HAP breaks this trade-off by using attribution to identify high-potential subgraphs and then applying pruning to extract faithful circuits.
- 46% Faster: Significantly reduces runtime compared to baseline edge pruning algorithms.
- Superior Faithfulness: Preserves critical cooperative components (like S-inhibition heads in the IOI task) that standard attribution methods often prune at high sparsity.
- Scalable: Effectively improves the scalability of mechanistic interpretability research to larger, industrial-sized models.

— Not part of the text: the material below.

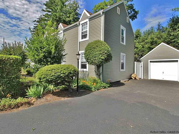 This unique and one of a kind fully renovated 2 story center hall colonial, reminiscent of Cape Cod and Nantucket, is in immaculate condition and move in ready! Situated on a large double lot with a privacy hedgerow and a yard featuring a beautifully landscaped haven with a rock garden and ornamental trees. From the two-car driveway, the crushed stone walkway takes you to a picket fenced garden and patio. Fencing continues to a dog run with artificial turf, through to the rock garden and large open yard. The home features 3 bedrooms with a master bedroom walk-out to a sun/morning deck under a retractable awning. The 1 ½ baths have recently been remodeled and upgraded. Living room features an inviting fireplace with natural gas logs and a lovely bay window overlooking the garden. A full dining room off the kitchen is a convenient setting for entertaining with a built-in liquor cabinet that is sure to please. The eat-in kitchen features a new stove, microwave, refrigerator, and dishwasher. Sliding glass door leads to the fenced crushed stone patio and dog run. A laundry/mudroom entry keeps things neat and clean with built-in cabinetry as well as a laundry sink for clean-up after gardening. The home has original hardwood floors throughout and features ceramic tile in the kitchen and main bathroom. A full basement, a portion of which is carpeted, features a bar for adult entertainment as well as a fun play area for the kids or grandchildren. The fireplace with mantel and electric log insert adds coziness and warmth on cold winter nights. Additional workroom with bench and storage shelves perfect for home projects. The property has two garages--one a double and the other a single (a gardening shop perhaps)--providing additional off-street parking. Other updates include: new attic, exterior insulation, and siding. Upgraded windows/door/sliding door/storm doors; Leaf filters on main house gutters with transferable lifetime warranty; Interior newly painted spring/summer 2020. BRAND NEW DECKING AND ROOF FALL 2020. This lovely house would also make an excellent AirBnB opportunity with central proximity to Uptown and Downtown Kingston while just a short distance to Amtrak/Rhinebeck and 90 minutes north of NYC!

This visualizer is based on the research paper: "Discovering Transformer Circuits via a Hybrid Attribution and Pruning Framework"
- Hao Gu
- Vibhas Nair
- Amrithaa Ashok Kumar
- Jayvart Sharma
- Ryan Lagasse
- arXiv: 2510.03282 [cs.LG]
- Venue: Accepted to NeurIPS 2025 Workshop on Mechanistic Interpretability and the NeurIPS 2025 Workshop on New Perspectives in Graph Machine Learning.
- Original Research Code: [Link to Paper Code Will Be Updated Here Soon]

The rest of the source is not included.